TORONTO — Experts are looking for the best way to assess the risk for sudden death in adults with congenital heart disease.

Adults with congenital heart disease face a threat from sudden cardiac death that is far higher than that of the general population, with a mortality risk of 0.9 events per 1,000 patients per year in patients who are younger than age 20 years. But as of now, there is no good way to distinguish patients with the highest risk from those congenital heart disease patients who have a substantially lower risk. “No single hemodynamic or electrophysiologic risk factor appears to be sufficiently predictive,” Dr. Louise Harris said at the 14th World Congress on Heart Disease. About a quarter of the deaths that occur in adults with congenital heart disease are sudden cardiac deaths.

Researchers may eventually develop a scoring system that takes into account several risk factors, she said. Recent findings have established that patients with congenital heart disease may have abnormalities in several organ systems, and risk assessment needs to take all these variables into account. Renal function, for example, is impaired in a significant percentage of patients with congenital heart disease, and was linked with an increased risk for death (Circulation 2008;117:2320-8).

“Sudden cardiac death is not one physiologic entity, but a manifestation of a number of disorders,” said Dr. Harris, a cardiologist in the congenital cardiac center for adults at Toronto General Hospital.

The risk for sudden cardiac death is highest in patients who survived any of four types of congenital heart diseases: tetralogy of Fallot, transposition of the great arteries, coarctation, and aortic stenosis. Of these, the most studied have been patients treated for tetralogy of Fallot.

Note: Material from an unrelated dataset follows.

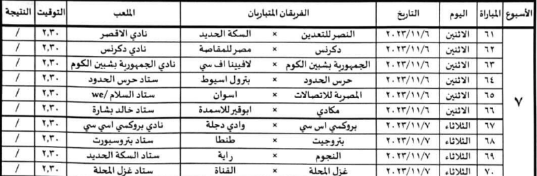 أبرزها غزل المحلة ضد القناة، مواعيد الجولة السابعة لدوري المحترفين

Most sudden cardiac deaths in congenital heart disease survivors involve an electrophysiologic disorder, such as an arrhythmia. These can be ventricular tachycardia, ventricular fibrillation, an atrial arrhythmia, or asystole. But sudden death can also occur secondary to a vascular catastrophe, including pulmonary embolism or an aneurysm rupture. Hemodynamic abnormalities causing both mechanical and structural issues, such as acute heart failure, also cause sudden death.

In patients who survived tetralogy of Fallot, a QRS duration of more than 180 milliseconds is a reliable predictor of ventricular tachycardia and sudden death. Patients with a QRS duration this long have had a greater-than-twofold increased risk of sudden death, compared with patients who had a shorter QRS interval, said Dr. Harris at the congress, sponsored by the International Academy of Cardiology. Indicators of hemodynamic abnormalities—such as increased right ventricular dimension, decreased right ventricular function, or a left ventricular ejection fraction of less than 40%—boost the risk for sudden death when they are coincident with prolonged QRS in patients who had tetralogy of Fallot.

In addition, inducible sustained monomorphic or polymorphic ventricular tachycardia during an electrophysiology study predicted sudden death with a sensitivity of 77% and specificity of 79%. Other noninvasive electrophysiologic measures—such as a signal-average ECG, T-wave alternans, and ambulatory ECG monitoring—have been less reliable for predicting risk.

A significant limitation on risk stratification of congenital heart disease patients is that this strategy presumes that identifying a high-risk patient is to be followed by an intervention that improves the patient's outcome. So far, limited data exist to prove that effective interventions are available to help these patients, Dr. Harris said.